**TASK ITEM**
From start to end, write out the following data exactly, apart from its images.

**STORED DATA**

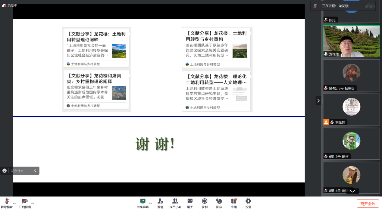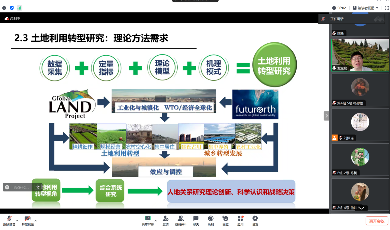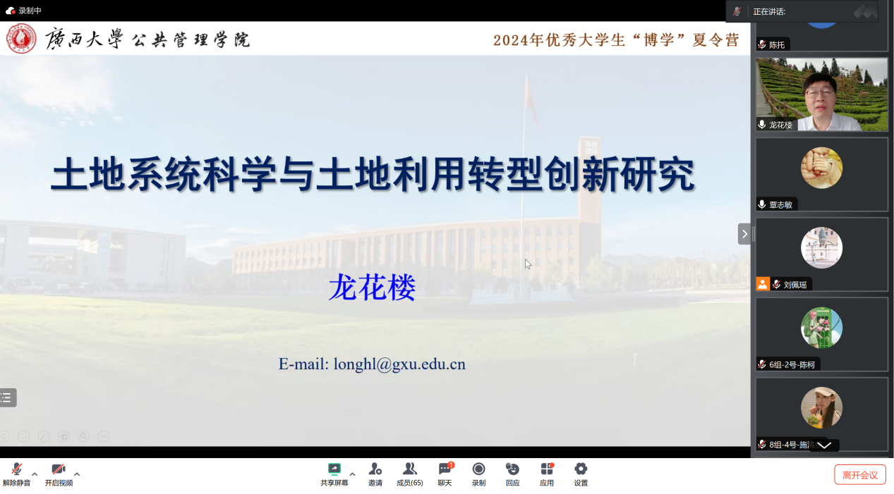 7月10日上午,约啪社区 教授龙花楼老师以线上形式作主题为“土地系统科学与土地利用转型创新研究”的学术讲座。本次讲座是约啪社区 2024年“博学”优秀大学生夏令营的环节之一,由约啪社区 副院长覃志敏主持,六十余名“博学”夏令营营员参与其中。
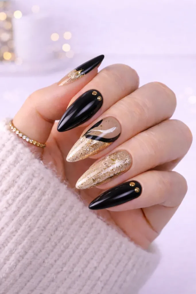 - Black and Gold Nail Combos
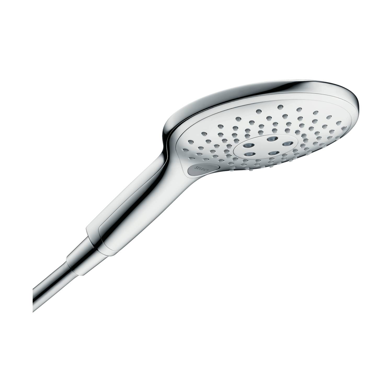 - Mit einem leichten Druck auf den Select-Knopf am Griff der Handbrause wechseln Sie die Strahlart bequem und schnell
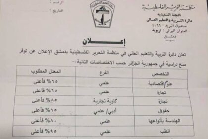 منح دراسيّة في الجامعات الجزائرية لطلبة فلسطين اللاجئين في سوريا

**ANSWER TO THE PROBLEM**
 7月10日上午,约啪社区 教授龙花楼老师以线上形式作主题为“土地系统科学与土地利用转型创新研究”的学术讲座。本次讲座是约啪社区 2024年“博学”优秀大学生夏令营的环节之一,由约啪社区 副院长覃志敏主持,六十余名“博学”夏令营营员参与其中。
 - Black and Gold Nail Combos
 - Mit einem leichten Druck auf den Select-Knopf am Griff der Handbrause wechseln Sie die Strahlart bequem und schnell
 منح دراسيّة في الجامعات الجزائرية لطلبة فلسطين اللاجئين في سوريا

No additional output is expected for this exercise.